Records shown ::
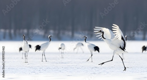 © ArtSync Studio, Fototapeta premium Japanese Red-crowned Cranes Dancing in the Snow Covered Field on a Sunny Day
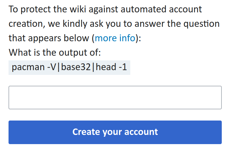 然而 Arch Wiki 万年不变地采用 pacman -V|base32|head -1 验证方式都没遭到"influx of spam"而停止公开注册。
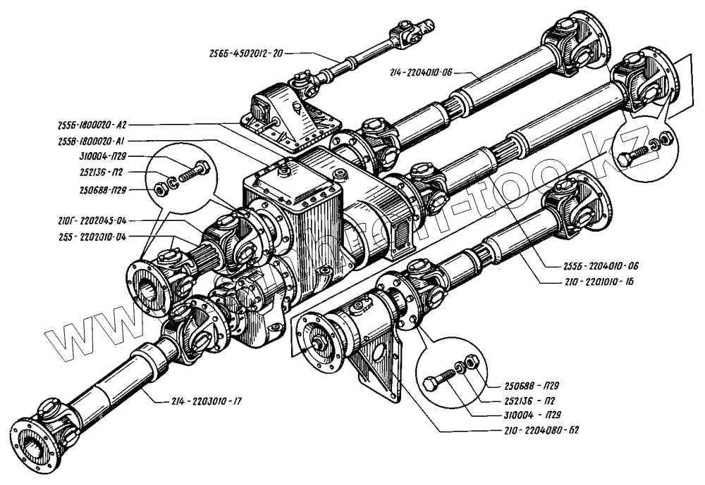 Каталог запасных частей к технике: КрАЗ-255. Валы карданные в сборе
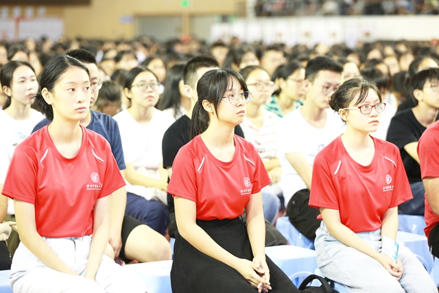 开学第一课现场,同学们都在认真听课。 林双峰/摄
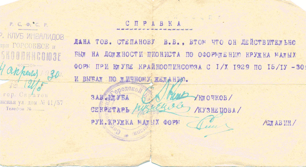Дана тов. СТЕПАНОВУ В. В. в том, что он при клубе Арт-полка 32 стр. дав. г. Саратова работая в качестве пианиста живой газеты, в работе муз. оформления газеты считаю очень хорошим и сильным, сопровождая музыкальную газету, так и кино с 13 марта по 12 апреля 1930 г., с работой справлялся и относился добросовестно.

Problem details :: When you output the entries, keep each line exactly as it is and leave out any pictures.

Written answer ::
 © ArtSync Studio, Fototapeta premium Japanese Red-crowned Cranes Dancing in the Snow Covered Field on a Sunny Day
 然而 Arch Wiki 万年不变地采用 pacman -V|base32|head -1 验证方式都没遭到"influx of spam"而停止公开注册。
 Каталог запасных частей к технике: КрАЗ-255. Валы карданные в сборе
 开学第一课现场,同学们都在认真听课。 林双峰/摄
Дана тов. СТЕПАНОВУ В. В. в том, что он при клубе Арт-полка 32 стр. дав. г. Саратова работая в качестве пианиста живой газеты, в работе муз. оформления газеты считаю очень хорошим и сильным, сопровождая музыкальную газету, так и кино с 13 марта по 12 апреля 1930 г., с работой справлялся и относился добросовестно.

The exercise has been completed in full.